I believe kernel invocation is very lightweight. Is this an appropriate way to synchronize blocks? Is there a better way?

loop {

foreach(block) {

someKernel<<<dimGrid,dimBlock>>>();  // processes each block's piece of the data out of a BIG global memory chunk


sync(); // If I remember correctly the CPU keeps executing until it sees a blocking function like CudaMemCpy()

anotherKernel<<<dimGrid2,dimBlock2>>>(); // Sorts the global chunk of memory

} while(data not converged);

Is there a way to sync blocks in Compute 2.x? I know there isn’t in Compute 1.x.

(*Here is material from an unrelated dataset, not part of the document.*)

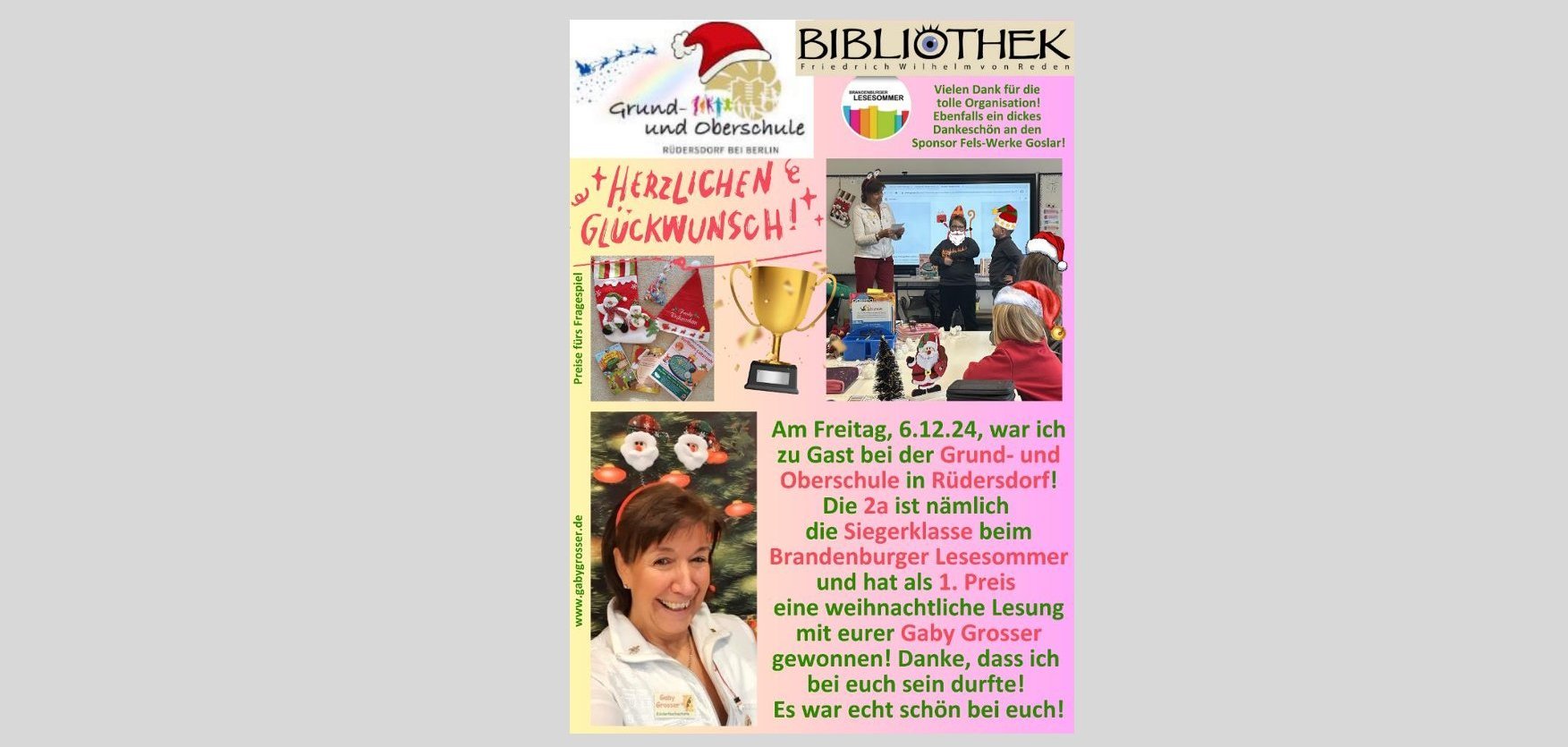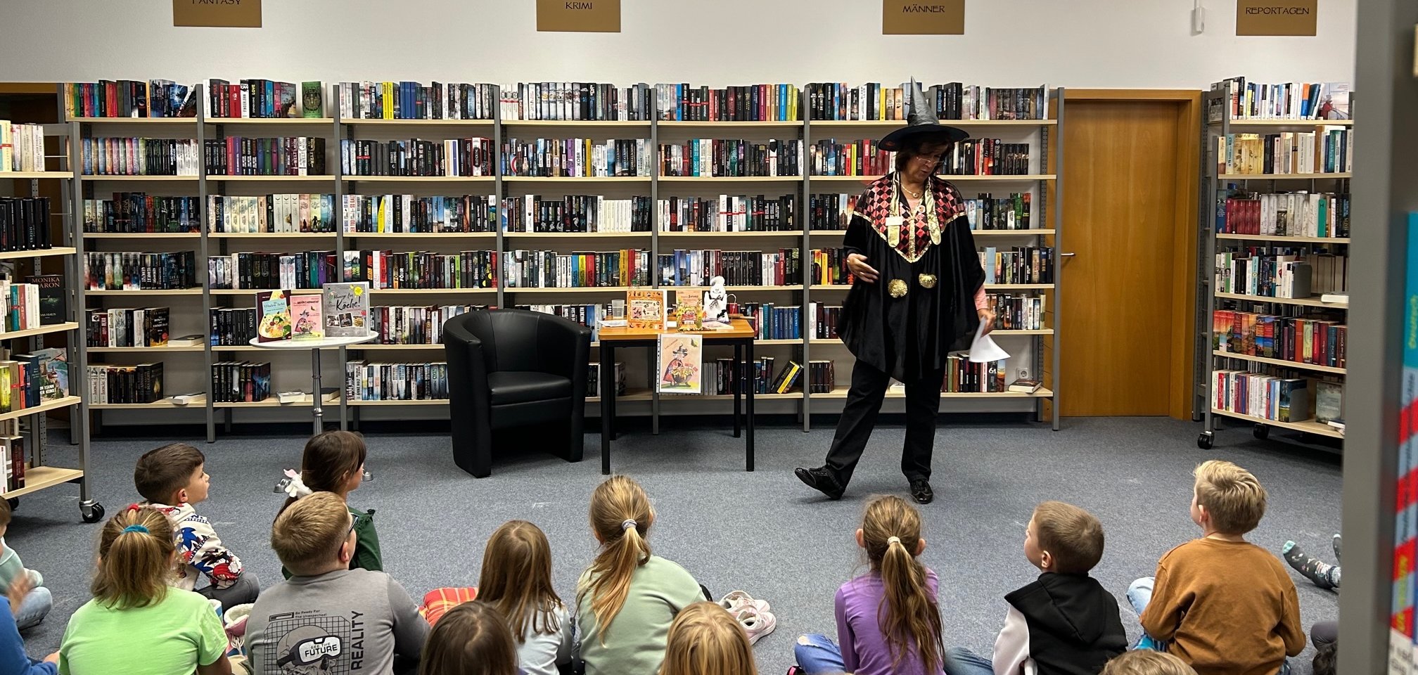 Die Rüdersdorfer Kinderbuchautorin Gaby Grosser war anlässlich der 34. Berliner Märchentage am 08.11.2023 mit der Märchenhexe Lula Lachmal zu Gast in der Friedrich-Wilhelm-von-Reden-Bibliothek.

On that subject, I have the book by Hwu & Kirk and have read some of the other class notes and other online resources. Many of them assume a Compute 1.x device and techniques for dealing with Compute 1.x limitations (like lack of cache). Is there a set of Compute 2.x resources that detail the upgrades in Compute 2.x and how to best take advantage of them?



Multiple kernel invocations are indeed the way to go, as there is no inter-block synchronization.

I notice you have

foreach(<b>block</b>) {

    someKernel<<<dimGrid,dimBlock>>>(); // processes each block's piece of the data out of a BIG global memory chunk


if by block above you mean a cuda block of threads then you can launch them all at once, without the foreach, and it will run faster.

True, but the data size is not constant. Since there is a limit on the size a block can realistically handle, I think the code below is appropriate. Will this code execute efficiently?

int i;


for( i=0 ; i<NUM_BLOCKS ; i++) {

    someKernel<<<dimGrid,dimBlock>>>(memory_offset_for_block_i, pointer_to_big_memory_chunk); // processes each block's piece of the data out of a BIG global memory chunk




dimGrid should be the number of blocks you want to launch
Can calculate ‘memory_offset_for_block_i’ within the kernel from blockIdx, then loop isnt needed.

PS if you launch only one block at a time then only one SM is doing anything and all the others will be idle. So if your GPU has say 30 SM you would only be getting 3% of the speed you might !
GPU’s love to have dozens or even tens of thousands of blocks, and often a smaller blocksize will work better.

PS I do use a loop sometimes, but to split ~100,000 blocks into about 10 sets so each set runs before the kernel watchdog time limit is hit (5 seconds)

I am aware that I can launch 65,536 X 65,536 grids of blocks and that to get max efficiency I need to have the 14 SMs in my GTX 470 loaded with about 6 warps each at all times to get max efficiency.

There are some details of the program I omitted for brevity that necessitate the for loop. Each iteration of the for loop with launch thousands - millions of blocks.